With tax income under pressure, analysts say it is time to raise the shortfall target
Figures released on Friday showed how the slowing economy has taken its toll on China's collection of taxes and fees in 2015, which registered the slowest expansion pace in 28 years.
But things are not looking better this year, either, which could make way for setting a record high target for the fiscal deficit of up to 3 percent of GDP - up from 2.3 percent in 2015, analysts said.
General fiscal revenue, including taxes and fines, rose 5.8 percent to 15.22 trillion yuan ($2.42 trillion), the slowest since 1987, the Ministry of Finance said. That was a drop from 2014's 8.6 percent and 10.2 percent in 2013.
It also was the first time that fiscal growth had been slower than GDP growth, which was 6.9 percent last year. For the past decade, fiscal revenue has been expanding much faster than the overall economy - often growing ferociously at above 20 percent.
The ministry attributed the slowdown to a deep slump in the producer price index and setbacks in industrial output and corporate profits, which weighed on major tax categories. The value-added tax, the largest tax, expanded only by 0.5 percent from a year before, while VAT and excise tax on imports fell 13.2 percent as a result of a contraction in foreign trade.
Special-purpose governmental funds, a separate income category, registered its first contraction in history, down 15.9 percent to 4.23 trillion yuan, compared with 3.5 percent growth in 2014 and a 39.2 percent rise in 2013. Land sale revenue, which usually accounts for 77 percent of governmental funds, tumbled 18.5 percent.
Despite the revenue slowdown, China is having to spend more to counter the economic slowdown, which has further intensified the mounting conflict between revenue and expenditures.
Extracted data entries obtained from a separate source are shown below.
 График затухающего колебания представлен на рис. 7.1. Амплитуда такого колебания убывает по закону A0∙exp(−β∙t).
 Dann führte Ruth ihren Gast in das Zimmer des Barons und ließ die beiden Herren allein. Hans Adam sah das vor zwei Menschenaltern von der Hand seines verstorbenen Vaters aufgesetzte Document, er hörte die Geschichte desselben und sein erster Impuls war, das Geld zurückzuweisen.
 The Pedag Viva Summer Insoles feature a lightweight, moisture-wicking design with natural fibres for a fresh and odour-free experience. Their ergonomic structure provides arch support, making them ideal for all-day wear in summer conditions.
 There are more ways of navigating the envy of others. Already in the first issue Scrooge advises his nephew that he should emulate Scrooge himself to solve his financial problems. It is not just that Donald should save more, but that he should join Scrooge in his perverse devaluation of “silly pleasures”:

Government outlays surged 13.17 percent to 17.58 trillion yuan.
That left a record 2.36 trillion yuan fiscal deficit, or 3.47 percent of GDP. That is significantly bigger than the 1.62 trillion budgeted deficit at the beginning of 2015, which leaves open the possibility that this year's budget deficit target could hit 3 percent of GDP.
A number of institutions have said that to counter this year's ongoing downturn, the fiscal deficit target should be raised from 2015's 2.3 percent.
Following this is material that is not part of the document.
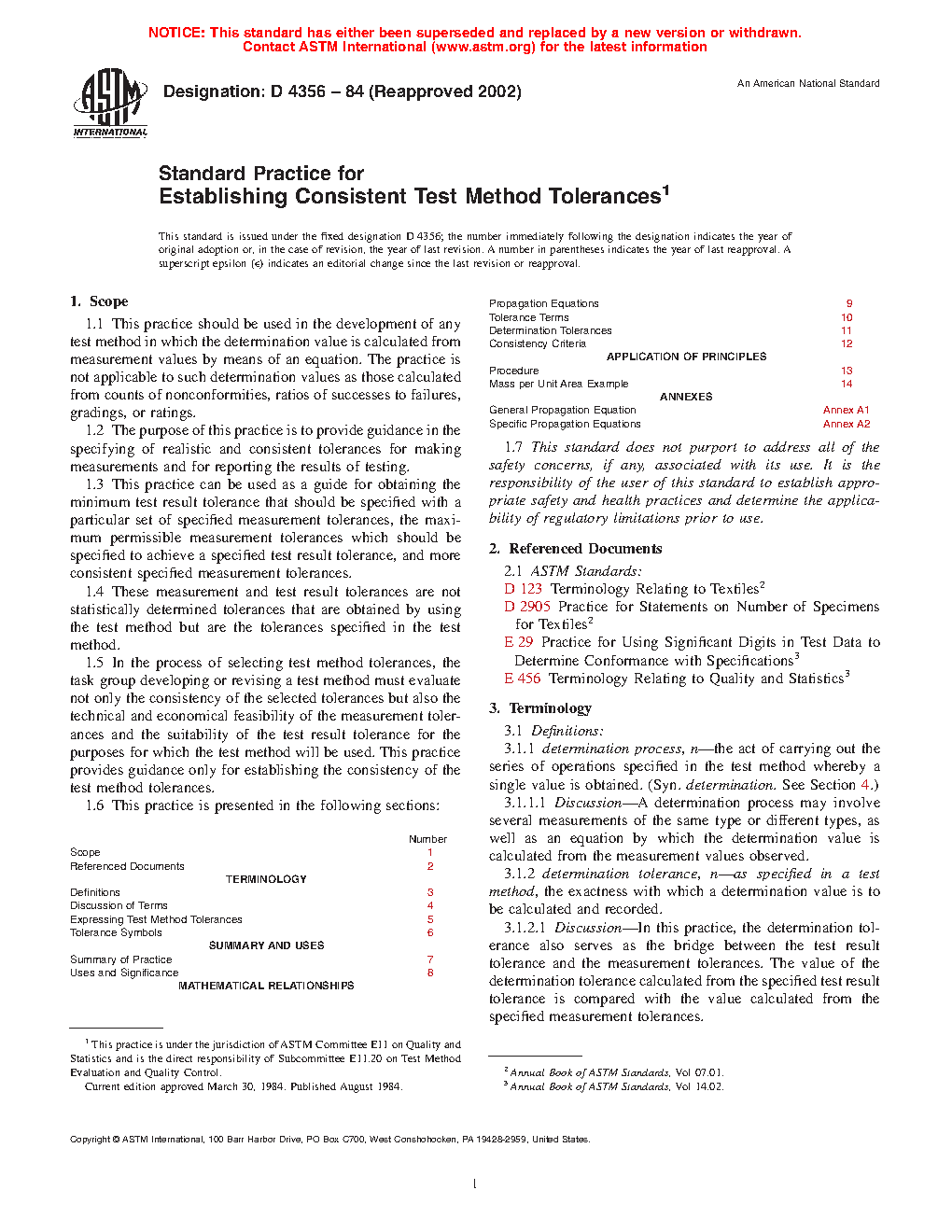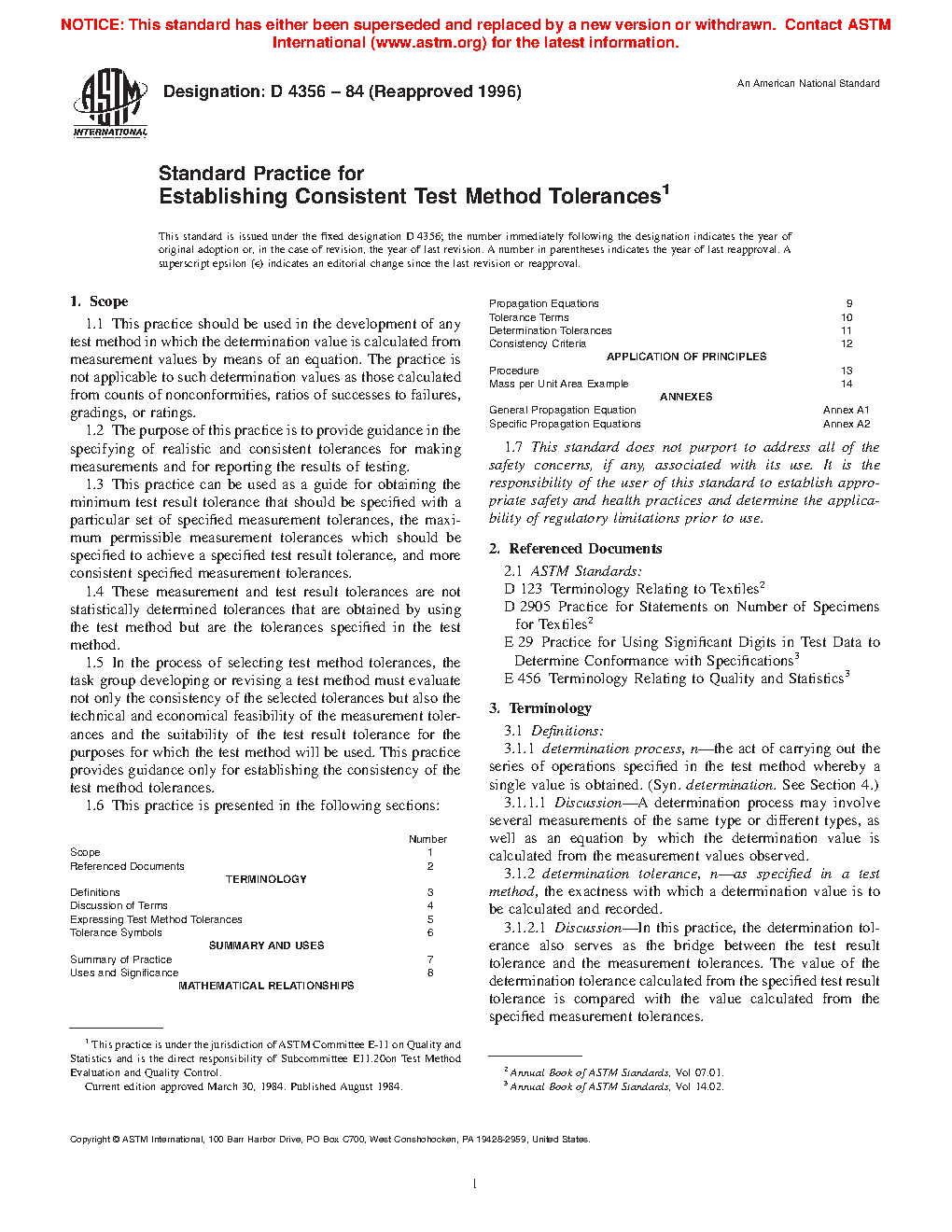 Number Scope 1 Referenced Documents 2 TERMINOLOGY Definitions 3 Discussion of Terms 4 Expressing Test Method Tolerances 5 Tolerance Symbols 6 SUMMARY AND USES Summary of Practice 7 Uses and Significance 8 MATHEMATICAL RELATIONSHIPS Propagation Equations 9 Tolerance Terms 10 Determination Tolerances 11 Consistency Criteria 12 APPLICATION OF PRINCIPLES Procedure 13 Mass per Unit Area Example 14 ANNEXES General Propagation Equation1.7 This standard may involve hazardous materials, operations, and equipment. This standard does not purport to address all of the safety problems associated with its use. It is the responsibility of the user of this standard to establish appropriate safety and health practices and determine the applicability of regulatory limitations prior to use.

"To address the downturn, besides widening the deficit, the only way is to cut spending. You can't cut spending on welfare or infrastructure. You could only downsize the bureaucracy itself," said Hu Yijian, a tax professor at Shanghai University of Finance and Economics.
Finance Minister Lou Jiwei in an earlier meeting stressed the importance of government austerity. Besides greater spending, the government will also bolster growth by cutting taxes and fees.
Hu said besides tax reform, the government should also lower administrative fees on enterprises. "In the short run this will definitely bring down revenue, but the hope is that less of a burden on enterprises would spur investment, which in the long run would cultivate a bigger tax base," he said.